Months passed and we threw ourselves into looking after Robbie and caring for Samantha and Leroy at weekends.
But, caught up in grief, I didn’t realise how bad things had got for my brother.
One day I received a phone call from Mum.
‘Sam has a meeting with a social worker and he’d like you to come with us,’ she said.
‘OK,’ I agreed. ‘I’ll go along to give him some moral support.’
At the meeting the social worker explained that with Sam and his partner both battling depression, the kids weren’t getting the care they needed.
Then he turned to me.
‘I understand you’ll take Samantha and Leroy and look after them,’ he stated matter-of-factly.
I stared at Sam, aghast.
I loved these children, but become their full time carer? That was a whole other matter.
It wasn’t something I had ever considered. ‘Is this what you want, Sam?’ I asked.
‘Yes,’ he nodded. ‘Take my kids.’ ‘But why?’ I said, bewildered.

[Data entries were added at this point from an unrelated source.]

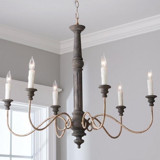 The Nemours Chandelier overflows with old world charm, leaving your foyer with a bountiful amount of personality. Featuring a center spindle with carved designs, the candelabras branch out in a curved form with the exposed bulbs. For a light that will boost both style and character, exhibit this chandelier front and center.
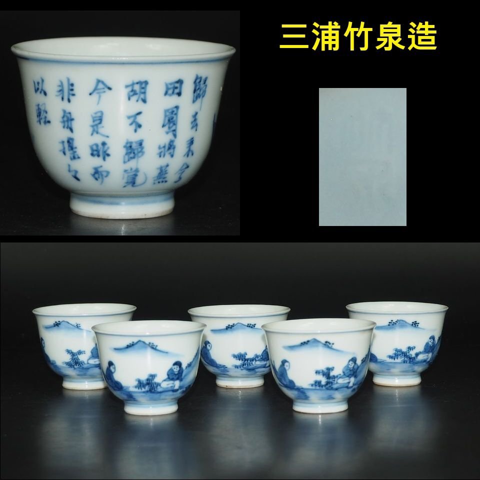 | 商品説明 | 高さ約 4.2cm 径約 5.5cm ご覧のように、二代 三浦 竹泉 造 青華山水漢詩図煎茶碗5客です。経年の汚れが見られます、状態がとてもよい、完品無傷です(一客縁に作成時の窯傷あり)、詳しくは写真でご確認ください。 |
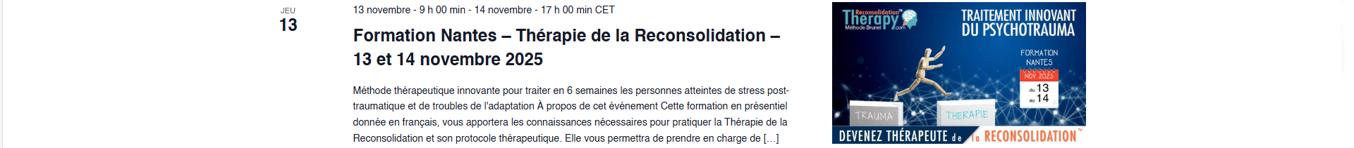Based on the latest discoveries in neuroscience, the innovative therapy of Reconsolidation ™ has been the subject of much scientific research, allowing today a hindsight in its efficiency. This method combines taking a pharmacological agent with brief psychotherapy.
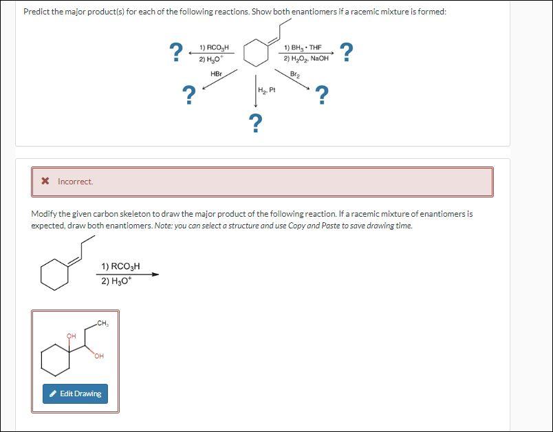 Solved ∗ Incorrect. Modify the given carbon skeleton to draw | Chegg.com
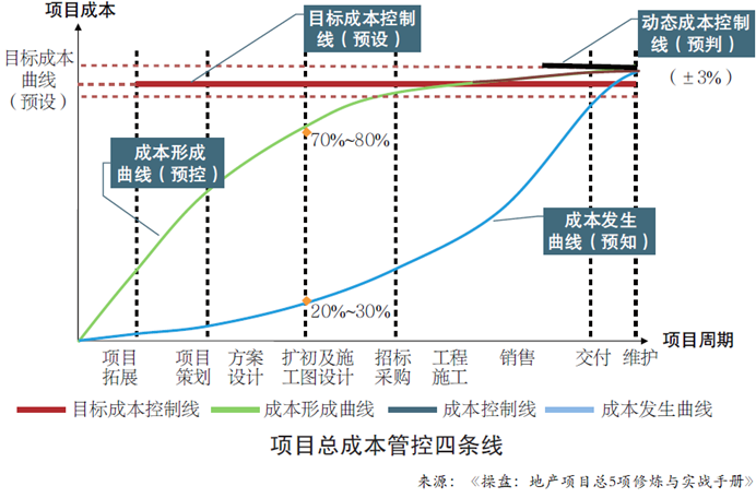 成本形成曲线前陡后缓,说明主要成本取决于前端,因而项目总要做到成本预控,提前设定目标,制定目标成本进行控制;成本发生曲线前缓后陡,说明前期成本发生少,后期成本发生多,所以项目总在过程中要重视动态成本管理,预判成本的发生,及时跟踪成本变化。

‘I know how much you want a big family, especially after losing Andrew,’ he said gently. ‘I can’t give the kids what they need but you would. You’re a brilliant mum.’
How could I say no? My brother needed me. The kids needed me.
I knew I could give them the love and security they desperately desired.
Suddenly I found myself replying.
‘Of course I’ll look after them,’ I said, without hesitation.
‘Are you sure?’ Mum asked.
I nodded determinedly. My mind was made up.
‘I can’t turn them away,’ I said. ‘Thank you,’ said Sam, hugging me.
Samantha and Leroy were outside waiting us.
‘You’re going to stay with Aunty Lindsey,’ Sam told them.
‘Yay!’ they chorused.
‘Let’s go home,’ I told them, putting my arms around each of them.
When I arrived back with the two kids, John didn’t think anything of it.
But I still had to break the news that they were here to stay.
‘Err, by the way…’ I began nervously. ‘The kids are going to be living with us from now on.’
‘They’re going to be what?’ he asked in shock.
‘Staying. For Good,’ I replied.
‘But how will we cope?’ he asked. ‘This house isn’t big enough for all of us.’
‘We’ll have to manage somehow,’ I shrugged.
He looked at me and smiled. He was just like me. He couldn’t turn them away any more than I could. ‘Course we’ll manage,’ he said.
We both knew how hard it would be but there was no question that we’d look after the kids.
We sat Robbie down and explained to him too.
‘whilst,’ we told him. ‘OK,’ he said.
He didn’t seem too worried. But going from a family of three to a family of five overnight was a huge undertaking.
‘You’re going to have to sleep with us Robbie,’ I told him. ‘But I want to stay in my room,’ he said.
‘Your cousins need it,’ I told him firmly.
It wasn’t easy.
As well as space, what with me working as a nurse and John a lorry driver, money was incredibly tight.
Because we were related to the kids we got no financial help apart from child benefit.
There would be no more holidays or meals out.
‘It’s only for a while,’ I reassured John.
But as the months passed, it became clear that Samantha and Leroy weren’t going anywhere – they were part of our family.
Gradually, Robbie got used to having his cousins around.
‘They’re my adopted brother and sister,’ he’d tell friends.
They enjoyed going swimming and watching films.
I loved seeing the three of them together.
Even though they still called us ‘aunt’ and ‘uncle’, it wasn’t long before John and I saw them as our own too.
At our last three-monthly meeting with the social worker, Samantha and Leroy said they wanted to stay with us.
When the kids’ panel ruled that they could,
Samantha clapped her hands in delight and rushed over to give me a cuddle.
It felt so right.
The kids feel secure with us and with every week that passes, their confidence is soaring
Sam still sees the kids every few weeks at Mum’s house.
I know it’s incredibly hard for him.
But the whole experience has been unbelievable really. When Andrew died I thought I’d never have the big family I’d dreamed off and now here I am raising another two children.
I can’t imagine how hard it must have been for my brother to make this decision but I’m so glad he did. I can never thank him enough.